Faktor eksternal adalah perkembangan-perkembangan yang terjadi pada umat Islam pada umumnya
diluar Muhammadiyah, yang dalam hal ini adalah perselisihan faham mengenai masalah-masalah
khilafiyah. Pertentangan dan perselisihan itu mengancam keutuhan Muhammadiyah, sehingga
mendorong pembentukan Majelis Tarjih. Pada awal berdirinya, lembaga ini lebih banyak mencurahkan
perhatian pada persoalan-persoalan khilafiyah dalam masalah ibadah. Sampai tahun 1953 Majelis Tarjih
baru membahas dan mengkaji persoalan-persoalan khilafiyah dan beberapa masalah praktis yang
berhubungan dengan warga Muhammadiyah. Pada tahun 1954-1955 pokok bahasanya mulai
berkembang, yaitu mengkaji sumber ajaran Islam secara global, yang sebenarnya telah dirintis sejak
tahun 1935 (Ensklopedi Hukum Islam, 1997;1064). Sejak tahun 1960 dalam muktamar Muhammadiyah
di Pekalongan, sesuai perkembangan pemikiran hukum Islam di Indonesia, Majelis Tarjih mulai
membahas berbagai persoalan hukum kontemporer baik yang telah dibahas oleh ulama fikih klasik
maupun yang sama sekali belum terjadi dan belum dibahas di zaman klasik. Misalnya masalah
pembatasan kelahiran, perburuhan dan hak milik.

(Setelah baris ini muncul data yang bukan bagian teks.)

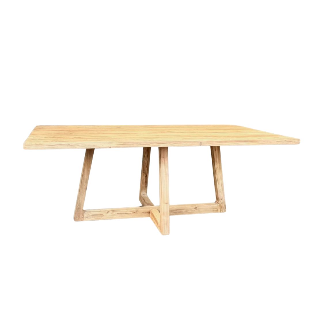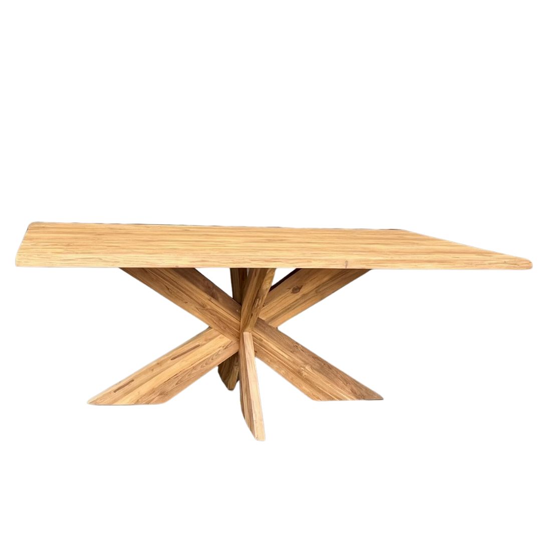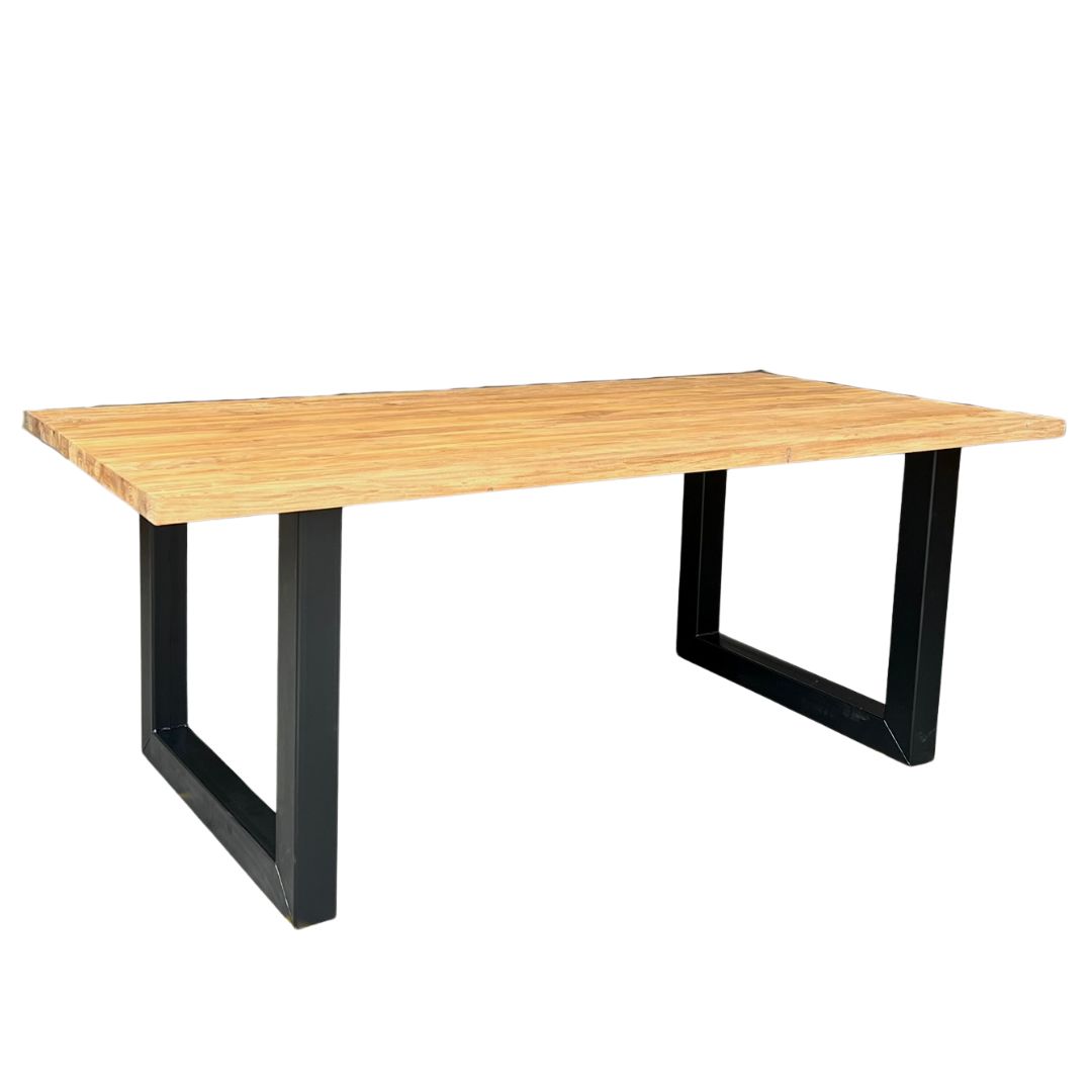 Ontdek ons 4 cm dikke rechthoekige geborstelde tafelblad van gerecycled teakhout. Kies zelf een poot en creëer een unieke tafel die perfect past in jouw interieur!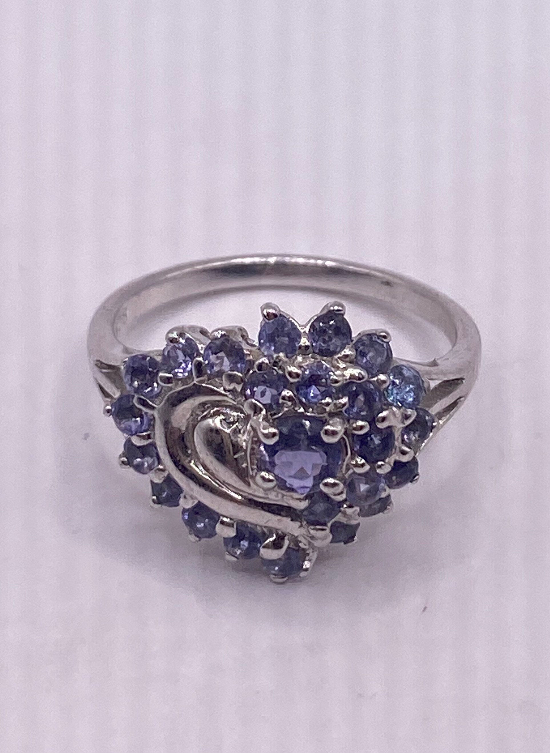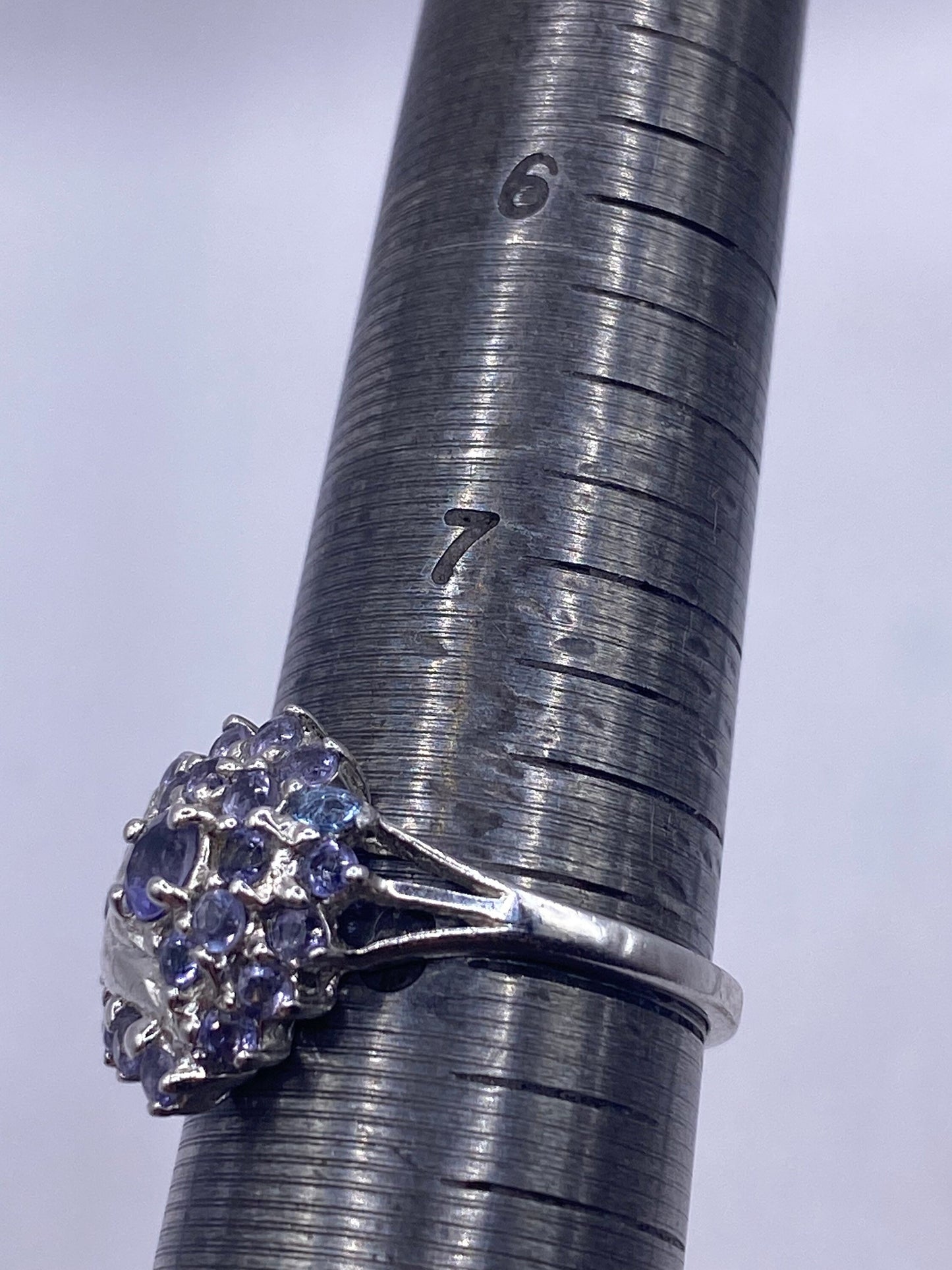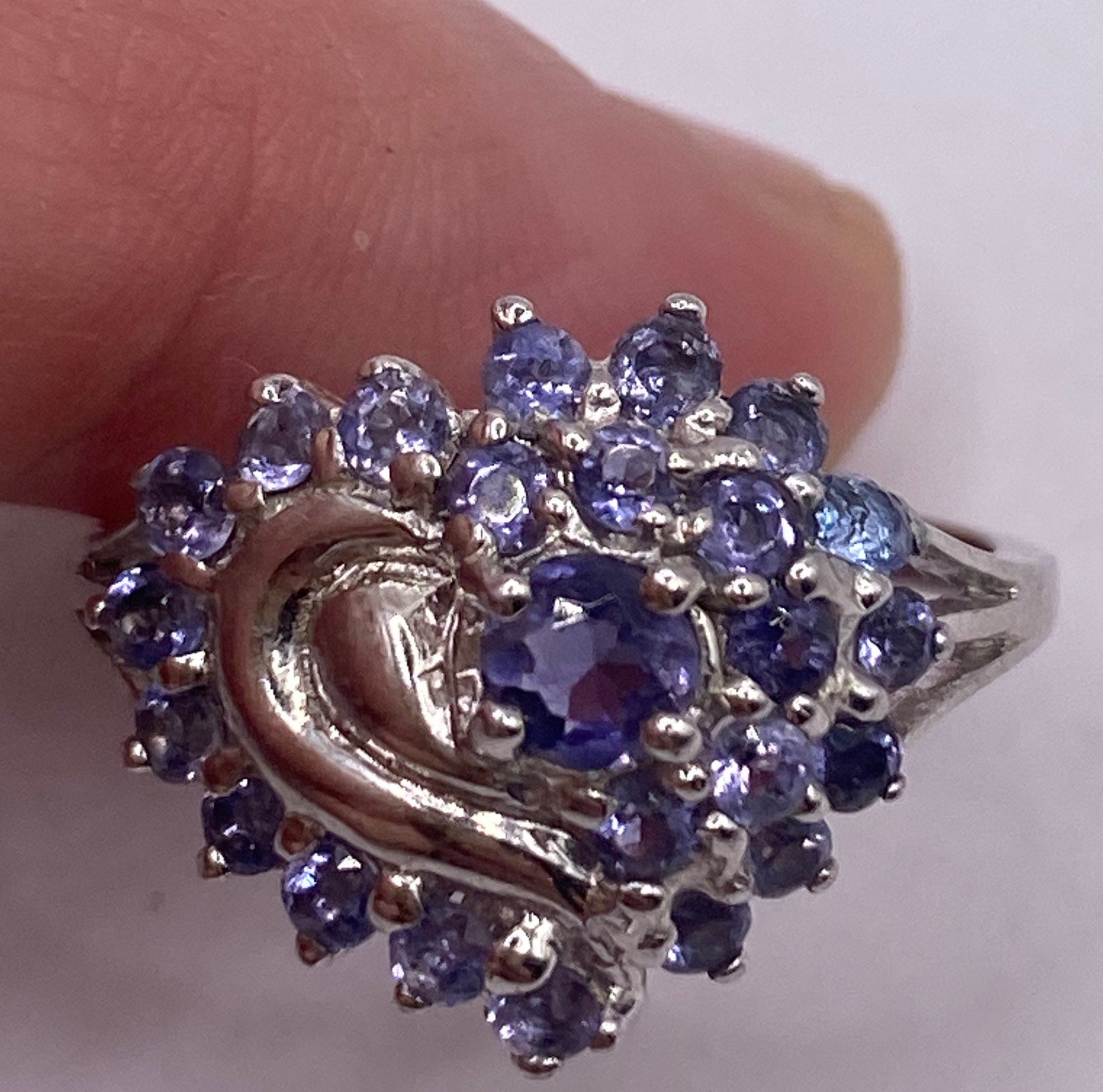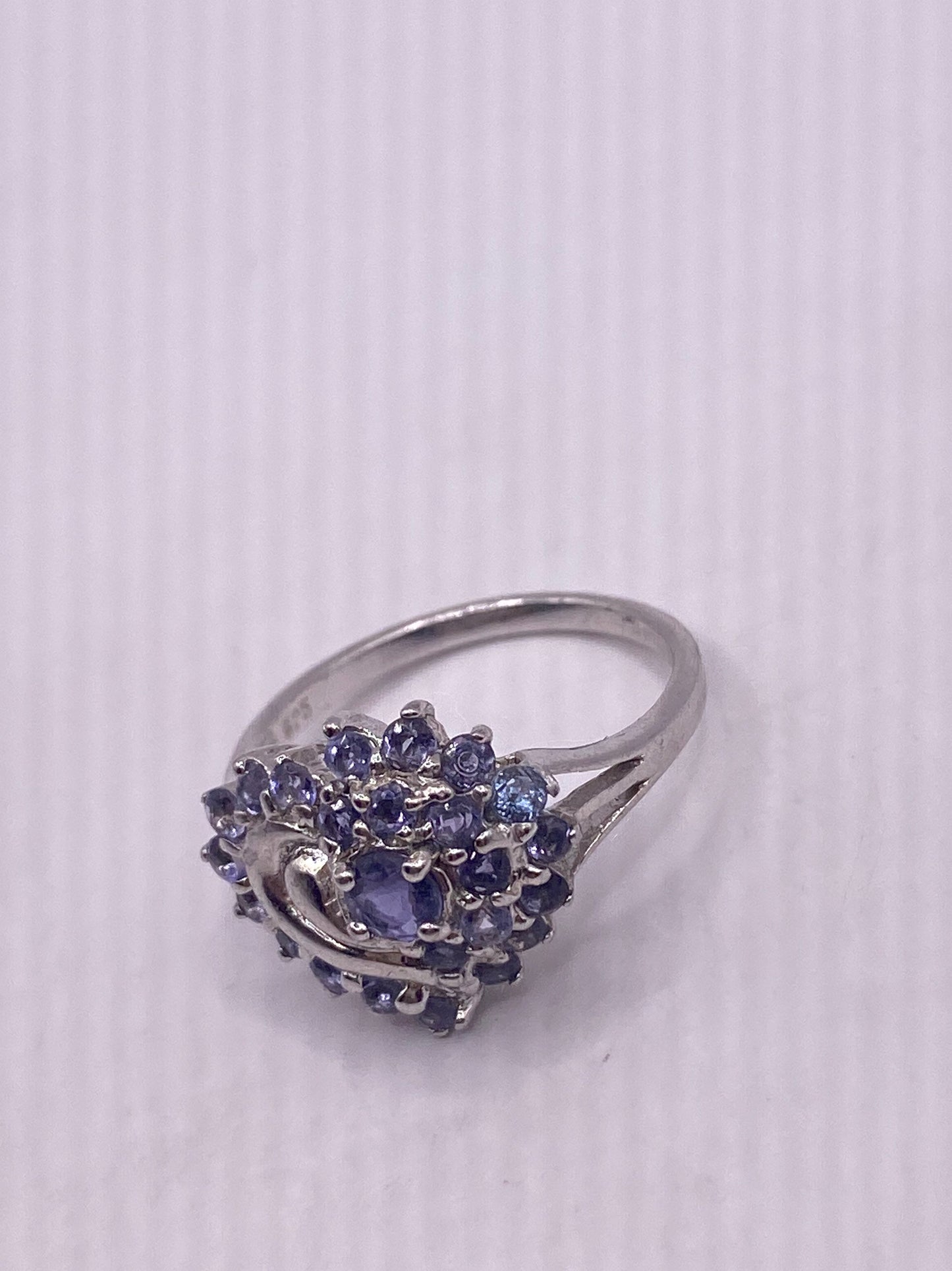 This is a vintage blue iolite in a 925 sterling silver floral setting.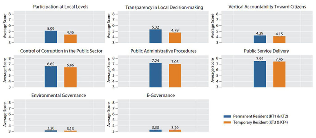 A deeper look into all governance and public administration dimensions, as experienced by the two groups in receiving provinces in 2022, reveals differences in all eight PAPI dimensions as seen in Figure 3. These resident-migrant contrasts were largest in the two dimensions of Participation at Local Levels and Transparency in Local Decision-making, similar to the 2021’s findings.[6]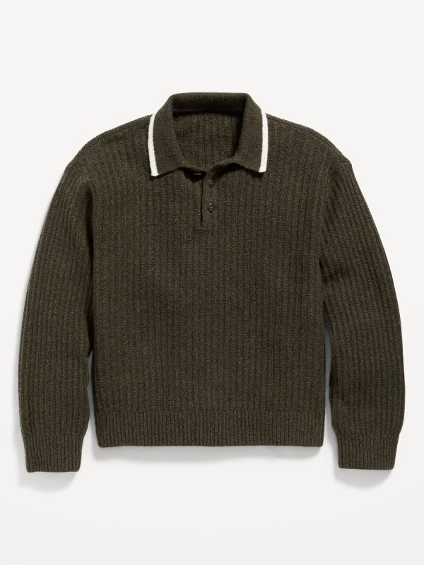 SoSoft Oversized Long-Sleeve Collared Sweater for Boys: We call it SoSoft, because it’s whipped-soft, not too heavy, not too thin. The goldilocks of sweaters.spread collar, long sleeves, drop shoulders, three-button placket, #789049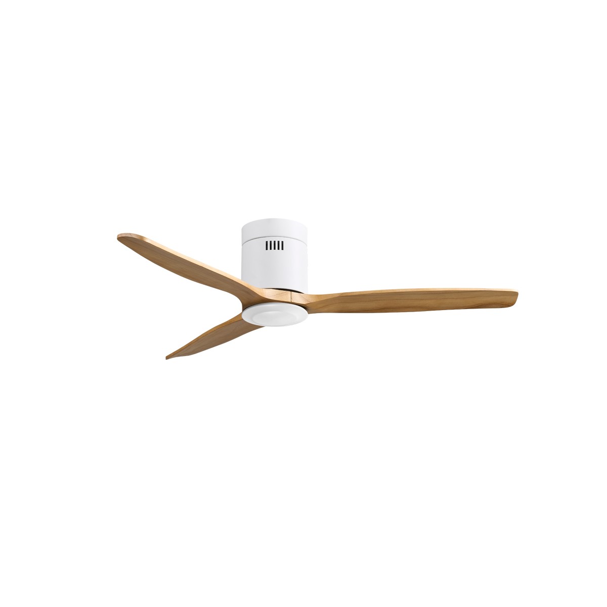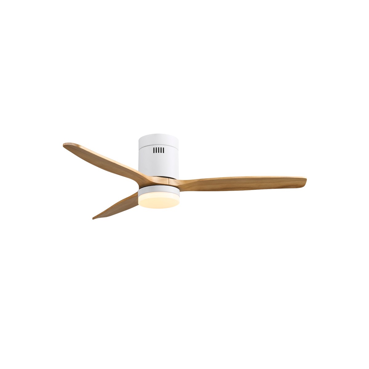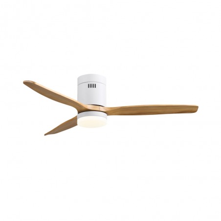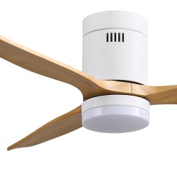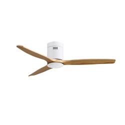 Ceiling fan Nine Eco White with LED light for rooms with low ceilings. Nordic-style design with white metal frame and three natural wood blades. Use the remote control to adjust the speed and lighting. Quiet DC motor with six speed settings and winter-summer reverse function.

Sejak tahun 1968-1989 pembahasan Majelis Tarjih
Muhammadiyah mulai terpusat pada berbagai persoalan kontemporer, khususnya yang berkaitan
denganpersoalan sosial seperti transplantasi organ tubuh, asuransi, operasi plastik, aborsi, KB, bayi
tabung dan lain lain (Ensklopedi Hukum Islam, 1997; 1064).

Sesuai dengan kebutuhan dan perkembangan ilmu dan teknologi, sejak muktamar di Banda Aceh tahun
1995, Majelis Tarjih disempurnakan dengan nama Majelis Tarjih dan Pengembangan Pemikiran Islam.
Dalam perkembangannya, Majelis Tarjih dan Pengembangan Pemikiran Islam tersebut, pada tahun 2000
banyak menghasilkan keputusan-keputusan musyawarah nasional tarjih XXIV yang menyangkut tentang
kaidah-kaidah pokok Majelis Tarjih dan Pengembangan Pemikiran Islam, seperti tuntutan manasik haji,
taharah, tuntunan Ramadhan, zakat fitrah dan zakat mal, tuntutan keluarga sakinah dan masalah
keagamaan kontemporer, seperti penanggulangan HIV, penyalahgunaan narkoba, HAM dan
perdagangan saham atau valas), tafsir al- Qur'an tematik tentang hubungan sosial antar umat beragama,
serta strategi gerakan tajdid dan pengembangan pemikiran Islam (Berita Resmi Muhammadiyah, 2002;
126-148). Pembahasan tentang pemikiran Islam yang dihasilkan oleh Majelis Tarjih di atas menunjukkan
keseriusan Majelis Tarjih di dalam melahirkan pengembangan pemikiran Islam dari suatu lembaga di
dalam naungan organisasi sosial keagamaan Muhammadiyah yang selalu komitmen terhadap
pembaharuan pemikiran dan penghayatan agama atau yang sering kita kenal sebagai gerakan tajdid.